Fred Taylor

Personal information
- Full name: Frederick Taylor
- Place of birth: Halesowen, England
- Height: 5 ft 8 in (1.73 m)
- Position(s): Inside forward

Senior career*
- Years: Team / Apps / (Gls)
- 1910: Stourbridge
- 1910–1911: Hull City / 0 / (0)
- 1911–1912: Wellington Town
- 1912–1913: Southampton / 13 / (2)
- 1913–1915: Barrow

= Fred Taylor (footballer, born 1890) =

Edwardian footballer (1890–?)

Frederick Taylor was an English professional footballer who played at inside-forward for various clubs in the period prior to the First World War.

==Football career==
Taylor was born at Halesowen, Worcestershire (now West Midlands) and started his professional football career in January 1910 with Stourbridge, playing in the Birmingham & District League. In the summer of 1910, he moved to Yorkshire to join Hull City of the Football League Second Division, where he spent a year in the reserves, failing to break into the first-team.
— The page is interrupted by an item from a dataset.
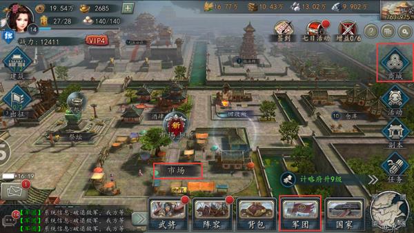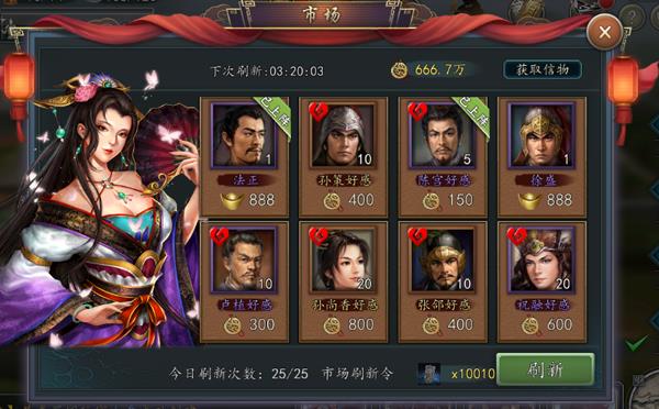 市场:市场属于主城内的固定建筑,当大殿等级达到3级时,水镜先生就会为主公们解锁市场。主公们可以通过消耗信物来换取武将好感度,当好感度到达一定程度时,该武将就会投靠主公。同时,一些与主公有缘的人才将允许各位主公花费元宝直接将其收归帐下。

The 1911 close-season saw a move back to Shropshire and the Birmingham & District League, when Taylor joined Wellington Town. During the 1911–12 season, he gained a reputation as a prolific scorer with 27 goals. This brought him to the attention of several larger clubs, including Coventry City. In the summer of 1912, Coventry City's trainer, Jimmy McIntyre, moved to Southern League rivals, Southampton as trainer under secretary Ernest Arnfield. On arrival at The Dell, McIntyre recommended Taylor to his new club, who signed him ready for the 1912–13 season.

Taylor made his debut for the "Saints" in the opening match of the season, playing at inside-right in a 2–2 draw with Northampton Town on 4 September. Taylor found the pace at first-class level much faster than in non-league football and after only one goal in eleven games, he lost his place to another new signing, Fred Turnbull. Taylor made two further appearances, scoring once more, but spent the remainder of the season playing in Southampton's Southern Alliance team, scoring four goals from twelve appearances.

In the summer of 1913, he moved to Lancashire to join Barrow, then playing in the Lancashire Combination.